We had an amazing turnout today for John’s chat. Not only general public but two teachers from TAFE and a lot of art students as well, which was wonderful to see!

With his large water colour of wetlands behind him, John gave an entertaining and insightful talk not only about his art but also his travels and the people he has met. He quoted poems from his collaborative book with poet Barry Hill which nearly had me in tears (again) because as he read  I was looking at his painting, the words flowing over me and transporting me to that quiet place in your mind that you go to when you paint.

Within the space of just over an hour John told us about travels in northern Australia, travels in Europe and his love of nature and the animals and particularly the birds that inhabit wetlands in many countries. Australia, in particular, he said, has been painted in the arid desert and the coastlines but not so much in the beautiful wetlands that attract so many varieties of birds. He likes to get them painted before they are taken away by development or change due to other human interferance.

In amongst other things today John also touched on the philosophy behind his work. I heard names that were new to me and have had me running to Google whilst writing this piece. The first is Jakob von Uexküll born in the Keblas estate Estonia. Needing to support himself after his family lost their fortune, Uexküll took a job as professor at the University of Hamburg where he founded the Institut für Umweltforschung.
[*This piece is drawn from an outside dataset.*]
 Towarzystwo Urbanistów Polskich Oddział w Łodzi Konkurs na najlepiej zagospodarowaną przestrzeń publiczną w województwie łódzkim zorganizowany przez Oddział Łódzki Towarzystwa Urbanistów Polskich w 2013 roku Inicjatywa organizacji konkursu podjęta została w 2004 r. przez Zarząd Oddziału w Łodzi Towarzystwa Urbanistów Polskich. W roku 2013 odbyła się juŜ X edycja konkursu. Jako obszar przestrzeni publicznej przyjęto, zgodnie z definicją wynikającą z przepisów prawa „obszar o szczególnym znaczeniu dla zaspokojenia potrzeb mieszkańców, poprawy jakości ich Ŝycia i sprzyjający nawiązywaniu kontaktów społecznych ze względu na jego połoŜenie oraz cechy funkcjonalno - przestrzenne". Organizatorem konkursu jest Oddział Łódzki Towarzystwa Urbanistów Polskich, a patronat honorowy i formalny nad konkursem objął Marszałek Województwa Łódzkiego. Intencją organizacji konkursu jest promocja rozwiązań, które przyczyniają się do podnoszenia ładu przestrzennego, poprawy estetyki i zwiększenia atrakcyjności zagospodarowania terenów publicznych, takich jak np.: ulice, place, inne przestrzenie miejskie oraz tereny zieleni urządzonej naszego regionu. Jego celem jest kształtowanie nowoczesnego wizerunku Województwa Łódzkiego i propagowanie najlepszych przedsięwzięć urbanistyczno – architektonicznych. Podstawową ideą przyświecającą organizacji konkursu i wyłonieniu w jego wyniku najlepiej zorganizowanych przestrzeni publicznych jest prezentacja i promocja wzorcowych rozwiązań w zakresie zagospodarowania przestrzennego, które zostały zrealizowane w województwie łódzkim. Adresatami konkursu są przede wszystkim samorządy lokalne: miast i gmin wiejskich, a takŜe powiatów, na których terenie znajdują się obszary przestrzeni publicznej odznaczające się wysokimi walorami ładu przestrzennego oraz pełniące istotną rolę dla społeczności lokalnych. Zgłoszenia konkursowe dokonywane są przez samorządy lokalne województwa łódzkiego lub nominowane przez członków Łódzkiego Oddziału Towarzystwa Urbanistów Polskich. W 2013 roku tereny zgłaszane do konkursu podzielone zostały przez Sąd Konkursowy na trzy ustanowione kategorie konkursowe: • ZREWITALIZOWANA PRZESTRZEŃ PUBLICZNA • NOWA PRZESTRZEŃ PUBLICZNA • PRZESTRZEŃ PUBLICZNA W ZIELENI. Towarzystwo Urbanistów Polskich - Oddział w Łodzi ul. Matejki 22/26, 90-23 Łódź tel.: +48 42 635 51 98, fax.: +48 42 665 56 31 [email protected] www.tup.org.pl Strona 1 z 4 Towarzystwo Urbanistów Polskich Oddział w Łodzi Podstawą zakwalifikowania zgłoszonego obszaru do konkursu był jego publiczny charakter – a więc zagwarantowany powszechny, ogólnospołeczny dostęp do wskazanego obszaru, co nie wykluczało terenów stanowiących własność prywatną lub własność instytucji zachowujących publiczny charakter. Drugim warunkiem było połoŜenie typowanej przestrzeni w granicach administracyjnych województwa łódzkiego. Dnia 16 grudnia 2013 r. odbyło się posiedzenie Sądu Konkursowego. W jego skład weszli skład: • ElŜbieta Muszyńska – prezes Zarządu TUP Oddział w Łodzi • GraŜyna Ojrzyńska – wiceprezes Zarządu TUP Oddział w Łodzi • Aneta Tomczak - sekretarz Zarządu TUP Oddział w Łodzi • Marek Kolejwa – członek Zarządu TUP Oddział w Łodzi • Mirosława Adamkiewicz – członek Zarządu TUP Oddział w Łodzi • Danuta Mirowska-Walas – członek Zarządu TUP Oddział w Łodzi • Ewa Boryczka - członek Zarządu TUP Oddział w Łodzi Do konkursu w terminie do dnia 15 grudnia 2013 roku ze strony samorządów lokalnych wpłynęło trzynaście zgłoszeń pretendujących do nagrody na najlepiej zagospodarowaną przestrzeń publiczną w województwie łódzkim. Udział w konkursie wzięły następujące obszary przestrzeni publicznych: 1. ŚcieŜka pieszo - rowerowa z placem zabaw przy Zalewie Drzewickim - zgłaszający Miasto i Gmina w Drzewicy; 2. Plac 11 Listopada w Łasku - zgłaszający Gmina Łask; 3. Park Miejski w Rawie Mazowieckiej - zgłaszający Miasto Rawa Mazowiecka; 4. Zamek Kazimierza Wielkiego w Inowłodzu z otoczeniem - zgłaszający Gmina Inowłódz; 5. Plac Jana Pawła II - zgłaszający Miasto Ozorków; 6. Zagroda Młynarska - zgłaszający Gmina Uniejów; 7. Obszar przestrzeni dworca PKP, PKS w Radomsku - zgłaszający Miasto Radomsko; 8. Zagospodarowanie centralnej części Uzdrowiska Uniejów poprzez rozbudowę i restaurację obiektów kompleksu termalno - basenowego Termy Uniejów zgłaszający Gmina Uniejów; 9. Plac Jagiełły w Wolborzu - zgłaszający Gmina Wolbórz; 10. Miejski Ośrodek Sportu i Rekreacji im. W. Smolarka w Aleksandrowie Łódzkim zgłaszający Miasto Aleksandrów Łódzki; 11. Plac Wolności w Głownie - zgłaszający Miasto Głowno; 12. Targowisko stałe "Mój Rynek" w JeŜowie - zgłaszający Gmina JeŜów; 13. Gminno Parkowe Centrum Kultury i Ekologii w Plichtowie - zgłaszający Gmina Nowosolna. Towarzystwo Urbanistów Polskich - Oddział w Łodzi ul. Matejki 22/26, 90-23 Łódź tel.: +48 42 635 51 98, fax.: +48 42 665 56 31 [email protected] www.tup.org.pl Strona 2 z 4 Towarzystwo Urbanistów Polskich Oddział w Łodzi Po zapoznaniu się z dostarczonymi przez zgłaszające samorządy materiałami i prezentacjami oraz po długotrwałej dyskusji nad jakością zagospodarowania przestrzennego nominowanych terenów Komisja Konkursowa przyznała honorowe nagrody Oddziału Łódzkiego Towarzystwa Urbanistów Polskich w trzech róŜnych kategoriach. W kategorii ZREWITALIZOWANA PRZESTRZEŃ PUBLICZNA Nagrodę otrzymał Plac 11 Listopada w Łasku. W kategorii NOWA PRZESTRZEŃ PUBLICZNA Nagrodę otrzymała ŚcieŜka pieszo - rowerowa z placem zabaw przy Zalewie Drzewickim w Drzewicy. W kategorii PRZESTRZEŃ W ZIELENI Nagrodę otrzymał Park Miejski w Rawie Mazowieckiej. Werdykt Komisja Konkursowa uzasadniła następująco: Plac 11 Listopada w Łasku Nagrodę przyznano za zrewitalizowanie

Uexküll was interested in how living beings subjectively interacted in their environments. Uexküll called these subjective spatio-temporal worlds umwelt (German for environment). These umwelten are distinctive from what Uexküll termed the “umgebung” which would be objective reality should such a reality exist. That is a bit to take in on the fly. I think what he was ultimately aiming at was the artist and the environment becoming in harmony with each other. You go out and not only observe but interact and become a part of what you are painting. Another name quoted was Emerson. “The mind and the world are inseparable.” WOW I just looked him up and have book marked his quotes as they are amazing and I feel like I should read one regularly, especially on those days when I get a bit down or discouraged.

“Art doesn’t impose – it exposes”

John’s Methods of creating his paintings, apart from his philosophical leanings, are very in tune with what he finally produces. I picked up a copy of his book today, which he kindly signed. In it is a photo of his 300gsm paper rolled out on the ground. I don’t think there is another artist of western heritage that works quite like him. The materials are in touch with the earth, he lays down washes freely and in tune with everything around him. There are lots of greys in his paintings – warm greys, cool greys, neutral greys, so often overlooked but so important for linking other colours together. Even  with modern tools such as masking fluid and even a dremmel to sand back to the bare paper, the immediacy of the experience of painting still comes through. The birds which are intertwined with the reeds and flowers, wind their way in and around the composition. Everything is related, everything belongs. The muted colours are highlighted by the clever and limited use of higher key colours, the whole painting looks alive.

The very important message to art students from John, I thought, was to keep experimenting. Take a day every now and then or even regularly and experiment with all your materials. Put fear aside and try anything that pops to mind so that you really do understand your tools and materials and how far you can push them. Learn your subjects and topics so that you can concentrate on creatively portraying them once you get started with the brush.

John is such a great speaker, I could have listened to him for hours! His smooth accent and amount of knowledge as well as endearing sense of humour were very enjoyable. I am looking forward to taking time each day at TAFE to read a few pages from his book and soak in his paintings.